Raises ScansionError if the line does not fit (e.g. it needs
synizesis, which is not inferred).
scan_line ¶
scan_line(line: str, meter: str = 'hexameter') -> LineScansion
Scan line against meter ("hexameter" or "pentameter").
scan_pentameter ¶
scan_pentameter(line: str) -> LineScansion
Scan a line of elegiac pentameter: two dactyls-or-spondees, a longum,
the central diaeresis, then two obligatory dactyls and a final longum
(— ⏑⏑ — ⏑⏑ — ‖ — ⏑⏑ — ⏑⏑ —).
Raises ScansionError if the line does not fit.
scan_trimeter ¶
scan_trimeter(line: str) -> LineScansion
Scan a line of iambic trimeter — three metra of x – ⏑ – (the final
element anceps), with resolution of long elements into two shorts.

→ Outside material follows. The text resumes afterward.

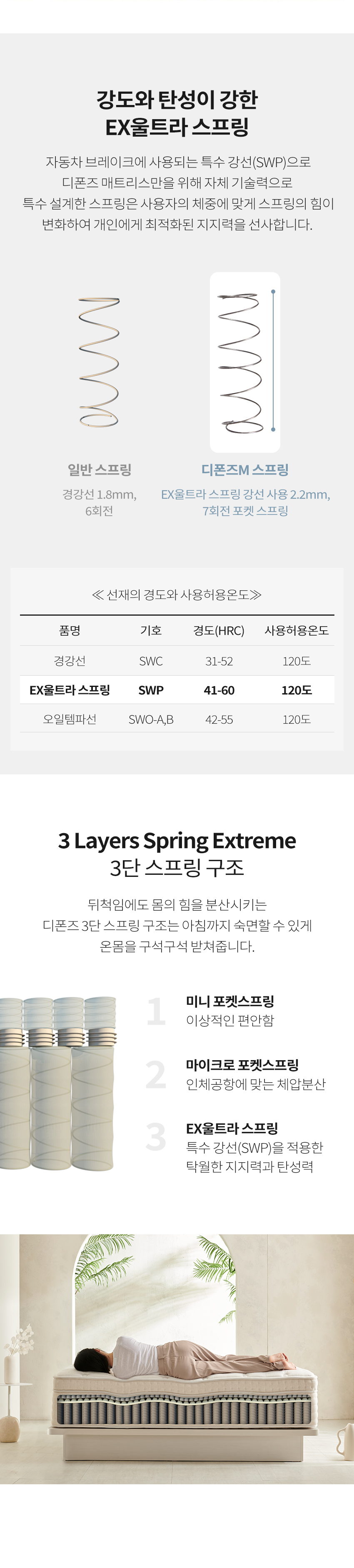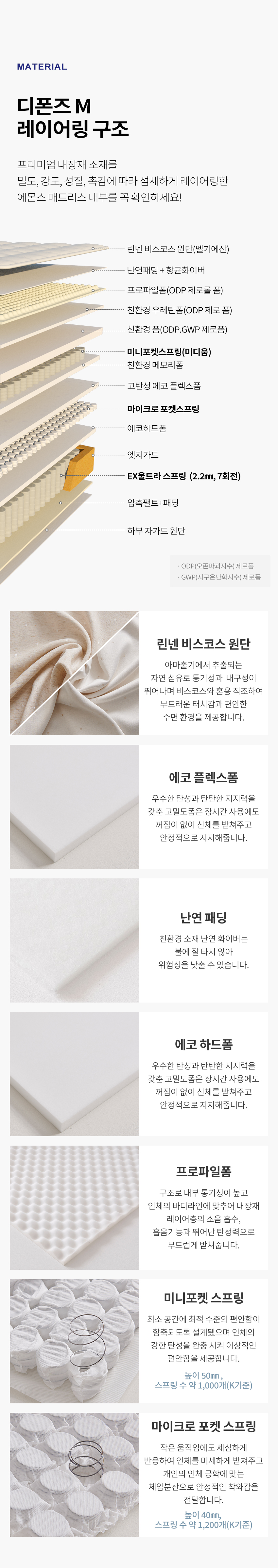내장재 : 난연패딩+항균화이버, 프로파일폼, 미니포켓스프링(미디움), 친환경 제로폼(GWP. ODP 제로),친환경 메모리폼 ,마이크로포켓스프링 ,에코하드폼, EX울트라 스프링(2.2㎜, 7회전)

Raises ScansionError if the line does not fit (e.g. it needs synizesis on
a word not in the lexicon).
syllable_options ¶
(syllable, [possible quantities]) across the whole line — the raw,
pre-metrical analysis, with cross-word position and correptio applied.
to_ipa ¶
Transcribe Greek text to reconstructed IPA. Whitespace-separated
words are transcribed independently and rejoined with spaces.
pos_tag ¶
Tag a single token. Closed classes come from the lexicon; when the treebank
backend is active (see aegean.greek.use_treebank), an attested form's
gold tag is used next; otherwise open-class words get a suffix heuristic (a few
verb endings, else NOUN). Non-letter tokens are NUM (numeric) or PUNCT.
pos_tags ¶
(token, tag) pairs for a text, in order (punctuation tagged PUNCT). When the
trained tagger is active it tags the whole sentence in context, with the
closed-class lexicon and the treebank lookup still taking precedence per token.
sentences ¶
Split into trimmed sentences on Greek sentence-final punctuation.
tokenize_words ¶
Just the word strings, in order (punctuation dropped).